Someone asked him, very politely, what the message was, if he did in fact have some message.

"The message!"

He sucked at his lower lip.

"Well," he said, "it's complicated, but basically the message is..."

He nodded to himself.

"It's 'stop doing that'."

I don't know what it is that makes some, that makes so many, random bits of landscape so heart-piercingly beautiful. The evening is so lovely tonight, the air still and cold, the sky clear and deep with a few enigmatic clouds. A fellow could die of beauty on the way to put out the garbage.

Maybe in a former life I had good experiences in landscapes like these, and I still carry the associations somewhere down in my inchoate soul.

That must have been one heck of a former life.

Saturday, March 29, 2003  permanent URL for this entry

Primary new discovery, from I forget where: BookFilter, like MeFi, only about books (and using software that's at present slightly more primitive).

I've never been more than a casual member of the MeFi community; we'll see if BookFilter manages to draw me in more effectively.

And found on BookFilter (it's the first BookFilter Discussion Book), Down and Out in the Magic Kingdom, a full-length novel (accepted by a real live publisher and everything) that you can download for free in a variety of soft open formats.

I'm currently halfway through Chapter Five of the PDF version; not a bad way to read after a surprisingly short time getting used to it. (A very good book so far, in the pre-posthuman genre, the kind of book that throws you into the jargon and the world without much explanation and lets, or makes, you figure it out for yourself; I like those.)

The biggest problem with reading a book on the laptop, maybe, is that the whole Net is available right there behind it, and if it lets my attention wander even for a second I'm off checking for BookFilter updates, or writing in my weblog, or something.

Also from BookFilter: The Internet Top 100 SF/Fantasy List, and this quote:

[T]here are people out there writing amazing things: Michael Swanwick, Charles Stross, Ted Chiang, China Mieville, Neal Stephenson are to my mind the five best writers in sf today...

Stephenson's the only one of those five that I've read; best get on the stick!

(Oh yeah, I remember; I found BookFilter via a link from gorjuss.)

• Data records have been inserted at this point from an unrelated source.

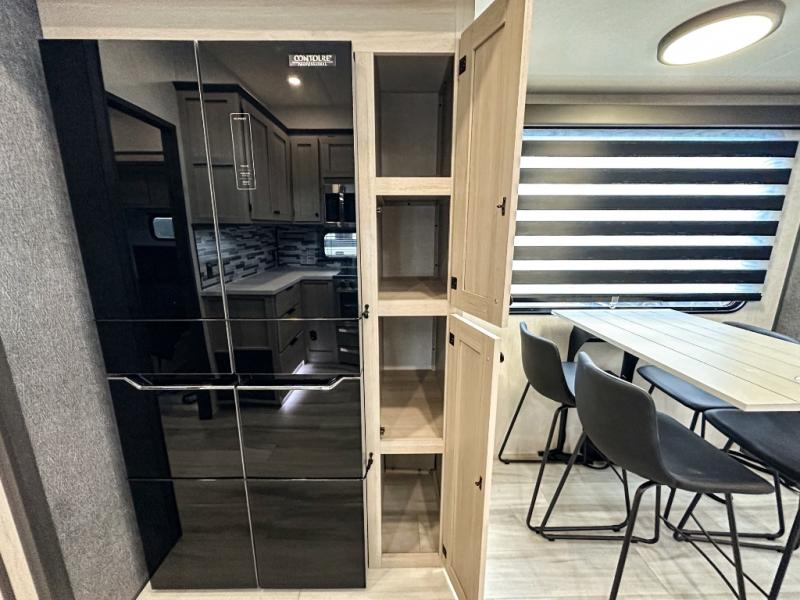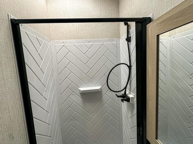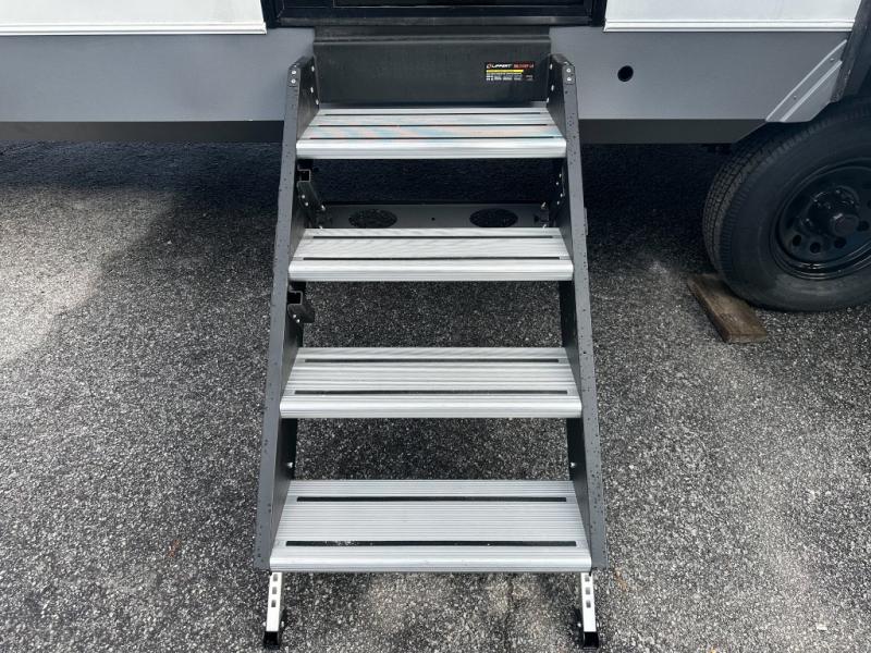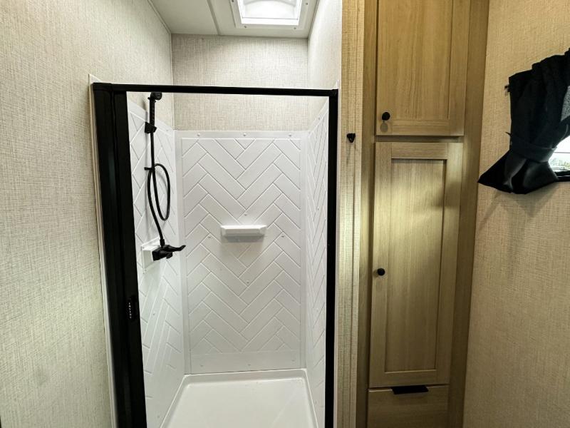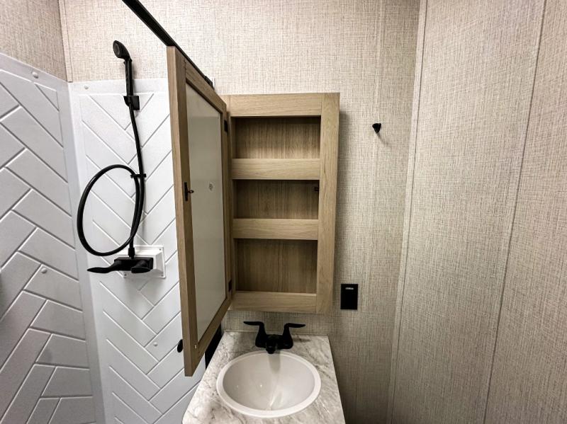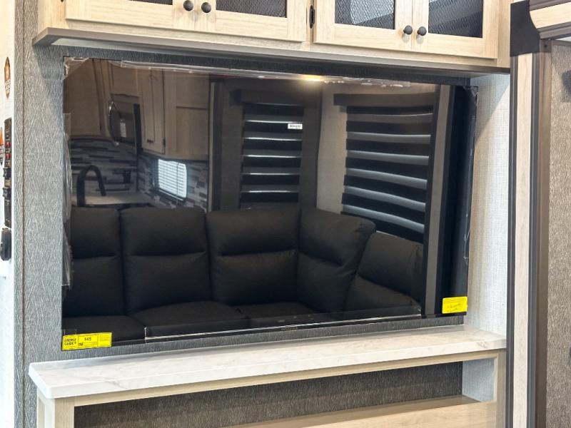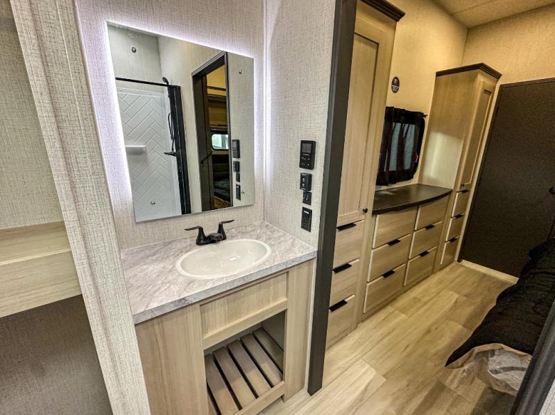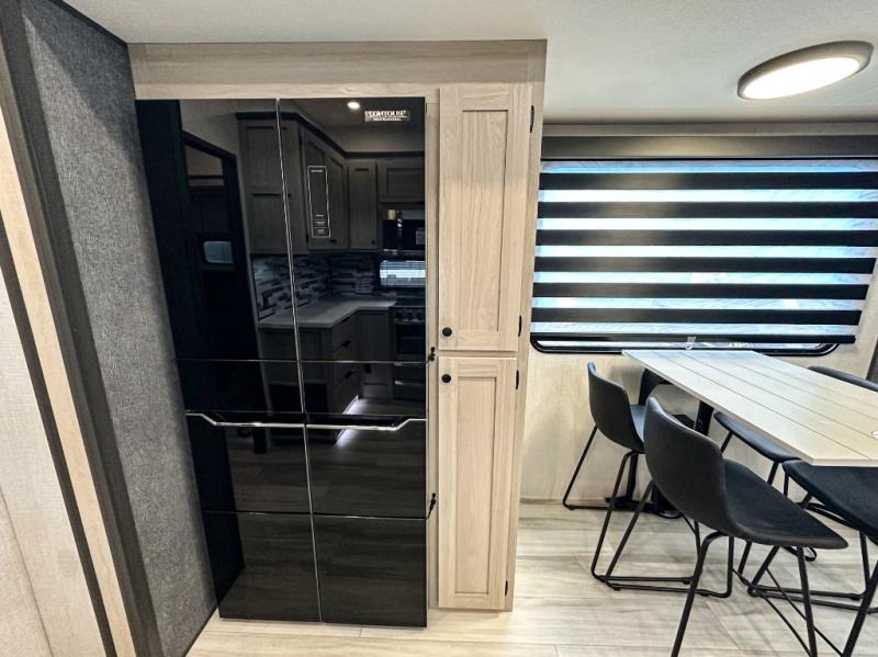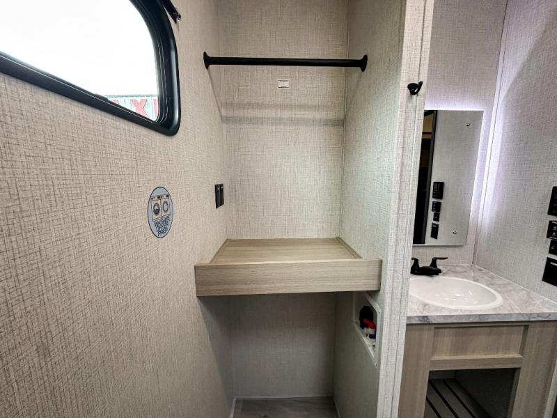 This stunning travel trailer is designed for families and travelers who crave comfort. Two rear bunk beds and a cozy loft above them create a fun and playful sleeping area for kids or guests, perfect for family bonding and sweet dreams. The full bathroom is equipped with everything you need to start your day feeling refreshed and revitalized. In the living area, the entertainment center features a warm fireplace, ideal for chilly evenings and cozy movie nights, while the plush L sofa is the perfect spot to unwind and enjoy quality time with loved ones. The pantry is stocked with storage for your favorite snacks and ingredients, while the fridge keeps everything fresh. There is a well-equipped kitchen with a spacious countertop for added convenience. Plus, the main bedroom is a peaceful sanctuary, featuring a luxurious king bed, spacious wardrobes, a stylish dresser, and the front bathroom is a thoughtful touch, offering privacy for your family or guests.
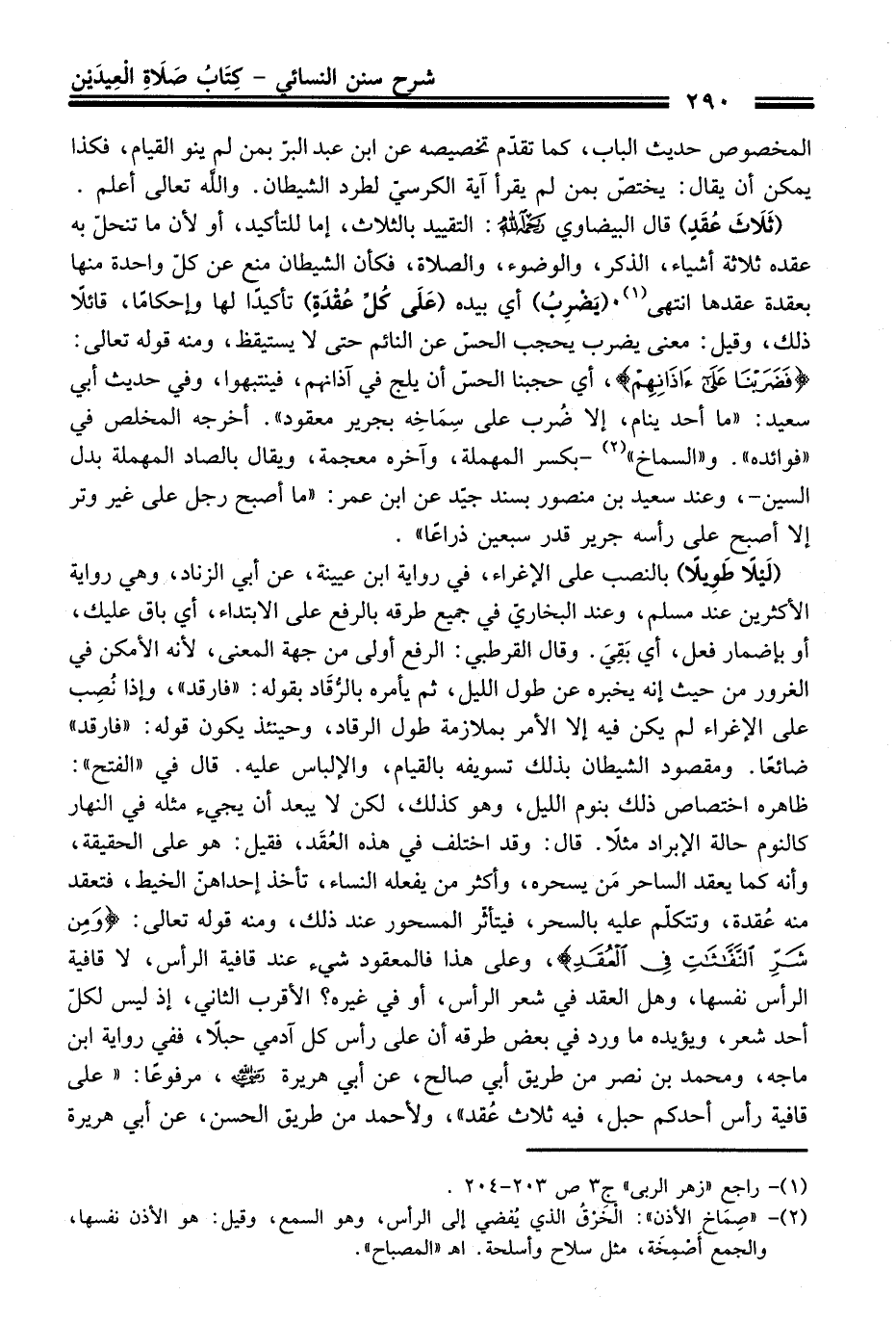 (لَيلاً طَوِيلاً) بالنصب على الإغراء، في رواية ابن عيينة، عن أبي الزناد، وهي رواية الأكثرين عند مسلم، وعند البخاري في جميع طرقه بالرفع على الابتداء، أي باق عليك، أو بإضمار فعل، أي بَقِيَ. وقال القرطبي: الرفع أولى من جهة المعنى, لأنه الأمكن في الغرور من حيث إنه يخبره عن طول الليل، ثم يأمره بالرُّقَاد بقوله: "فارقد"، وإذا نُصِب على الإغراء لم يكن فيه إلا الأمر بملازمة طول الرقاد، وحينئذ يكون قوله: "فارقد" ضائعًا. ومقصود الشيطان بذلك تسويفه بالقيام، والإلباس عليه. قال في "الفتح": ظاهره اختصاص ذلك بنوم الليل، وهو كذلك، لكن لا يبعد أن يجيء مثله في النهار كالنوم حالة الإبراد مثلاً. قال: وقد اختلف في هذه العُقَد، فقيل: هو على الحقيقة، وأنه كما يعقد الساحر مَن يسحره، وأكثر من يفعله النساء، تأخذ إحداهنّ الخيط، فتعقد منه عُقدة، وتتكلّم عليه بالسحر، فيتأثّر المسحور عند ذلك، ومنه قوله تعالى: {وَمِنْ شَرِّ النَّفَّاثَاتِ فِي الْعُقَدِ}، وعلى هذا فالمعقود شيء عند قافية الرأس، لا قافية الرأس نفسها، وهل العقد في شعر الرأس، أو في غيره؟ الأقرب الثاني، إذ ليس لكلّ أحد شعر، ويؤيده ما ورد في بعض طرقه أن على رأس كل آدمي حبلاً، ففي رواية ابن ماجه، ومحمد بن نصر من طريق أبي صالح، عن أبي هريرة - رضي اللَّه عنه -، مرفوعًا: "على قافية رأس أحدكم حبل، فيه ثلاث عُقد"، ولأحمد من طريق الحسن، عن أبي هريرة
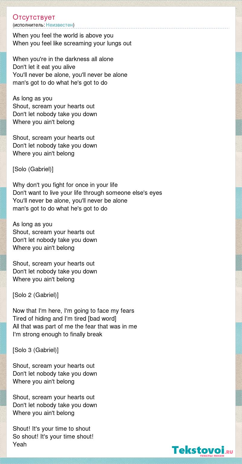 When you feel the world is above you When you feel like screaming your lungs out When you're in the darkness all alone Don't let it eat you alive You'll never be alone, you'll never be alone man's got to do what he's got to do As long as you Shout, scream your hearts out Don't let nobody take you down Where you ain't belong Shout, scream your hearts out Don't let nobody take you down Where you ain't belong [Solo (Gabriel)] Why don't you fight for once in your life Don't want to live your life through someone else's eyes You'll never be alone, you'll never be alone man's got to do what he's got to do As long as you Shout, scream your hearts out Don't let nobody take you down Where you ain't belong Shout, scream your hearts out Don't let nobody take you down Where you ain't belong [Solo 2 (Gabriel)] Now that I'm here, I'm going to face my fears Tired of hiding and I'm tired [bad word] All that was part of me the fear that was in me I'm strong enough to finally break [Solo 3 (Gabriel)] Shout, scream your hearts out Don't let nobody take you down Where you ain't belong Shout, scream your hearts out Don't let nobody take you down Where you ain't belong Shout! It's your time to shout So shout! It's your time shout! Yeah
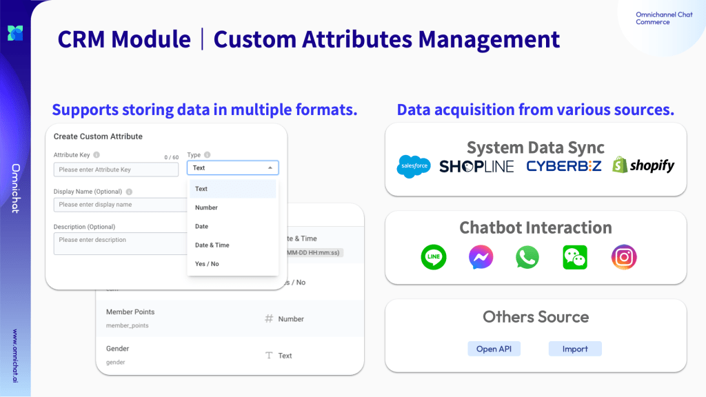 Omnichat‘s custom attributes address the challenges faced by brands when managing CRM systems, enabling them to excel in member communication and effectively engage potential customers at the opportune moments. Businesses can streamline their CRM operations and ensure timely and targeted interactions, ultimately enhancing the overall marketing efforts.
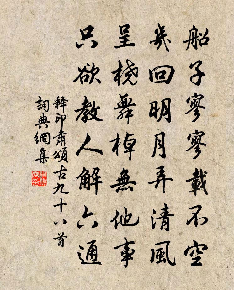 詩詞名句歷史字典書法欣賞書法字典國語詞典說文解字康熙字典古漢語字典標 題 作 者 詩 句 頌古九十八首作者:釋印肅 朝代:宋代頌古九十八首原文船子寥寥載不空,幾回明月弄清風。呈橈舞棹無他事,只欲教人解六通。詩詞問答問:頌古九十八首的作者是誰?答:釋印肅問:頌古九十八首寫於哪個朝代?答:宋代釋印肅頌古九十八首書法欣賞頌古九十八首書法作品詩詞推薦偈傾一百三十三首釋法薰〔宋代〕棒喝交馳如雷掣,顛言倒語三寸舌。南州打到北州頭,瓮裹何曾失卻鱉。近聞直學馮子容以家產中丘乘之賦作詩戲之王洋〔宋代〕千古茫茫不可攀,仲尼日月照儒關。生前冷灶七日火,身後遺基十萬間。寧許富兒通市籍,只求賢士共歡顏。那知石人峰焦翠峰〔宋代〕石為肌骨應成假,鐵作肝腸未必真。當日容成丹就處,何當點化作仙人。落花長吟邵雍〔宋代〕以酒戰花穠,花穠酒更濃。花能十日盡,酒未百壺空。尚喜裝衣袂,猶憐墜酒鍾。多情唯粉蝶,薄倖是游蜂。減卻水龍吟(奉川實化鳳花)陳允平〔宋代〕杜鵑啼老春愁,淚痕吹作胭脂雨。飛花亂點,東風枝上,紅翔翠翥。丹穴鳴初,碧梧棲未,淒涼山塢。悵瓊姬夢遠和答詩十首。和松樹白居易〔唐代〕亭亭山上松,一一生朝陽。森聳上參天,柯條百尺長。漠漠塵中槐,兩兩夾康莊。婆娑低覆地,枝幹亦尋常。八月念奴嬌沈瀛〔宋代〕春來臘去,一番新風景,為君開設。試憶前時花雨墜,只少梅花清絕。兩個難逢,一分才欠,巧殺終如拙。玉梅人賢者之孝二百四十首袁君正林同〔宋代〕家人勸我睡,共說不眠難。官既未得差,眠時自不安。新秋吳融〔唐代〕白髮又經秋,端居海上洲。無機因事發,有涕為時流。新酒乘涼壓,殘棋隔夜收。公車無路入,同拜老閒侯。禮部尚書洪公輓歌詞葛立方〔宋代〕高材博識服簪紳,玉樹瑤林絕點塵。氏族源流推肉譜,春秋褒貶藉調人。膝間韻磬傳山水,枰上枯棋戰楚秦。妙處好事近趙長卿〔宋代〕劍水靄歡聲,喜慶間生人傑。一段蔥蔥佳氣,扇薰風時節。今朝銀艾佐琴堂,爭把壽香爇。去去鳳皇池上,見龜巢和陳輔秀才金陵書事王安石〔宋代〕南郭先生比鷾鴯,年年過我未愆期。休論玉謝當時事,大抵烏衣只舊時。多病范祖禹〔宋代〕多病心牢落,驚秋鬢颯然。風乾桐葉地,雨冷菊花天。舊隱荒江漢,新居俯澗瀍。西都長夢想,何日賦歸田。江上孫介〔宋代〕灘頭鳴榔去,偃仰醉霜月。意倦早歸來,風波渺愁絕。賢者之孝二百四十首二王林同〔宋代〕要以孝行取,寧將學業論。錫無慚玉友,銓可謂金昆。跋趙唐卿所藏訪戴圖張元乾〔宋代〕王孫胸次足丘壑,幻出山陰訪載圖。草屋柴扉閉風雨,客來空去得知無。送文子徐妹丈赴隨州太學掾用司馬文正公送先陳亮〔宋代〕昔仰南洲德,今逢世嗣賢。聲名江左重,文教漢東專。君意思空馬,吾生肯絕弦。江頭無語處,一葉浪花前。倚薄黃公度〔宋代〕茅檐供倚薄,藜杖費扶攜。天入平蕪闊,山含宿靄低。樹聲風便旋,野色晚淒迷。容易營生事,秋田稻欲齊。題丁少詹姑墓誌後陳傅良〔宋代〕白髮從夫志,青芻為客謀。送車今幾兩,樂土有斯丘。猶子聲名甚,他時雨露秋。摩挲看石刻,嗟惜到松楸。有感三首方回〔宋代〕倉皇得郡免朝辭,十六年間老轉痴。一角未堪峨獬豸,二螯敢笑食蟛蜞。刊摩乾寶搜神記,嘯詠陶潛責子詩。格是名句推薦別來春半,觸目柔腸斷。李煜《清平樂·別來春半》 人道惡盈而好謙。佚名《易傳·彖傳上·謙》 居移氣,養移體。孟子《孟子·盡心章句上·第三十六節》 長安回望繡成堆,山頂千門次第開。杜牧《過華清宮絕句三首》 人生有酒須當醉,一滴何曾到九泉。高翥《清明日對酒》 河西幕中多故人,故人別來三五春。岑參《涼州館中與諸判官夜集》 天下雖安,忘戰必危。姜子牙《司馬法·仁本》 又是春將暮,無語對斜陽。葛長庚《水調歌頭·江上春山遠》 雨足高田白,披蓑半夜耕。崔道融《田上》 微吟不道驚溪鳥,飛入亂雲深處啼。沈周《題畫》

From Long Story, Short Pier: Congress appeals to imaginary friends:

(2) calling on all people of the United States--
(A) to observe the day as a time of prayer and fasting;

(B) to seek guidance from God to achieve a greater understanding of our own failings and to learn how we can do better in our everyday activities; and

(C) to gain resolve in meeting the challenges that confront our Nation.

Actually it's a good sign they didn't call on God to smite the enemy in the traditional fashion; at least the imaginary friends have gotten somewhat mellower over the years. I'd certainly second the motion that everyone in general try to understand their own failings better, and not be so all-fired certain of the unquestionable rightness of their own opinions. (Naturally, I think this applies especially strongly to people whose views I disagree with.)

Madonna and Child

From NTK, someone charting product placements in the Billboard Top 100:

All we wanna do is party (WOO)
And buy everybody at the bar Bacardi (WOO)

Salon points out that, contrary to current loud protestations, the Administration did too claim that this was going to be a short and easy war.

And Kafkaesque points out that there are people who may need support even more than Our Troops do.

- 4 for "helen naked pictures"
- 3 for "naked helen pictures"
- 2 for "pointers of dungeon keeper 2"
- 1 for "asparagus"
- 1 for "broken koans"
- 1 for "clitoris"
- 1 for "eagles"
- 1 for "ibm"
- 1 for "iris chacon"
- 1 for "jellicle cats slash fiction"

Really! "jellicle cats slash fiction". It said it right there.